* Task to carry out *
In the data below, count how many lines contain "with" and give that number by itself.

=== Section Start ===

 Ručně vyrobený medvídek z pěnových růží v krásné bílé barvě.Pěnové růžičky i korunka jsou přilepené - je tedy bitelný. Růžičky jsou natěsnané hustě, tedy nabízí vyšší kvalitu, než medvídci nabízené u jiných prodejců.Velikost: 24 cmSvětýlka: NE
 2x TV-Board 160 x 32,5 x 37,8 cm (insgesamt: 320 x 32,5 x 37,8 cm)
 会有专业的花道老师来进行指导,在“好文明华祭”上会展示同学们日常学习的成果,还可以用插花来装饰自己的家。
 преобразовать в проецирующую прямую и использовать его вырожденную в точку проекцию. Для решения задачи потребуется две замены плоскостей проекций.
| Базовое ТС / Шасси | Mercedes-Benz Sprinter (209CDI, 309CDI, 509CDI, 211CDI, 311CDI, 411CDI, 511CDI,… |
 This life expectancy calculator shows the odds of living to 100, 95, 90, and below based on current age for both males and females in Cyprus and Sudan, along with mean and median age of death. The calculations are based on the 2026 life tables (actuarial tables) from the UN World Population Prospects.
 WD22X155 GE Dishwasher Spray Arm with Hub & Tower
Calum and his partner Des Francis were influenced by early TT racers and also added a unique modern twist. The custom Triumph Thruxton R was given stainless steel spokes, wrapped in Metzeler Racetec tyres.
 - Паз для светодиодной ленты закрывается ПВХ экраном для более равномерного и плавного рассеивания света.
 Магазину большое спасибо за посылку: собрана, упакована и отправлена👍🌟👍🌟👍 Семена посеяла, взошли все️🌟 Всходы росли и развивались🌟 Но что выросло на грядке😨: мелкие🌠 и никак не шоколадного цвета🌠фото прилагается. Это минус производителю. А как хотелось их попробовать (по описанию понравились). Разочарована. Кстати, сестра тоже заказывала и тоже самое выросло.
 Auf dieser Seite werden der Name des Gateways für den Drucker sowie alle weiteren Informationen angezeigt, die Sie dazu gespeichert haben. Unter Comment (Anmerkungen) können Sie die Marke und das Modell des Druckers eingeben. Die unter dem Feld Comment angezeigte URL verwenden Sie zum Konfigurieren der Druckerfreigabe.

=== Section End ===

* Exercise response *
2